> **TASK TO COMPLETE**: Retype, exactly and with nothing added, the lines from the one showing "- 各階にテナント専用のバル" through the final line of the material. Omit pictures.
++++ SUPPLIED MATERIAL
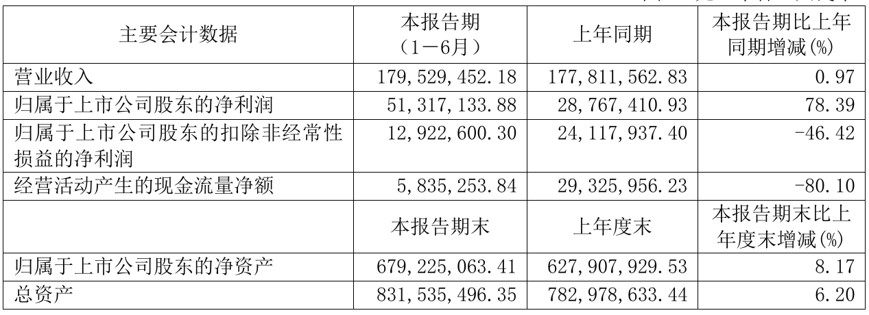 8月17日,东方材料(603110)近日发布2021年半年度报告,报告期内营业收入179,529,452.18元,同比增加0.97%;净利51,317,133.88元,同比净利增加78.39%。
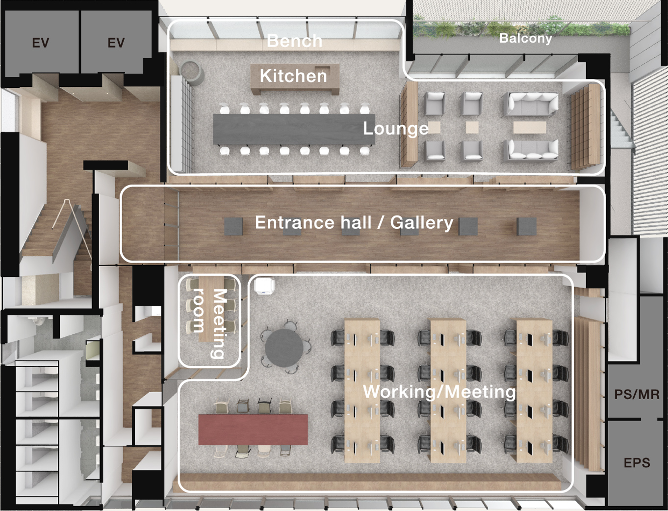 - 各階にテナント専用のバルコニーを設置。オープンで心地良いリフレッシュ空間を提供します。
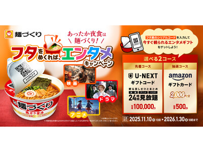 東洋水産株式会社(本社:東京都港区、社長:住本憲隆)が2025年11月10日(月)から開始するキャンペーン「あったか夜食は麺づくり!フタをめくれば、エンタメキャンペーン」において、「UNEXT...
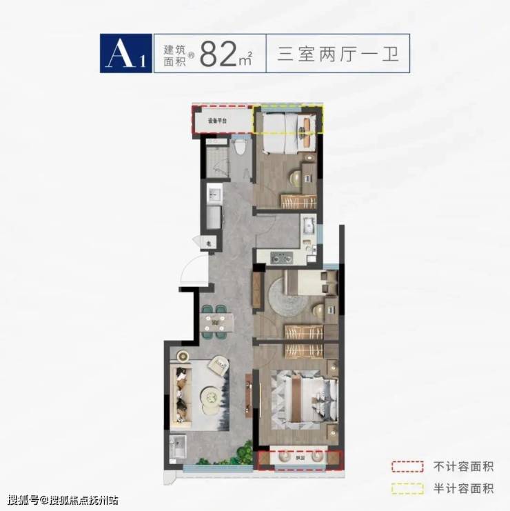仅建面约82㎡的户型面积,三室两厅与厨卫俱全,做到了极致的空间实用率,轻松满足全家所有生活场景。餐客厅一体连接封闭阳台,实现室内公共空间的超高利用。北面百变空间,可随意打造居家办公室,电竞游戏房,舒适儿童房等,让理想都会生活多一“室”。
++++++++
> **PROBLEM SOLUTION**:
 - 各階にテナント専用のバルコニーを設置。オープンで心地良いリフレッシュ空間を提供します。
 東洋水産株式会社(本社:東京都港区、社長:住本憲隆)が2025年11月10日(月)から開始するキャンペーン「あったか夜食は麺づくり!フタをめくれば、エンタメキャンペーン」において、「UNEXT...
仅建面约82㎡的户型面积,三室两厅与厨卫俱全,做到了极致的空间实用率,轻松满足全家所有生活场景。餐客厅一体连接封闭阳台,实现室内公共空间的超高利用。北面百变空间,可随意打造居家办公室,电竞游戏房,舒适儿童房等,让理想都会生活多一“室”。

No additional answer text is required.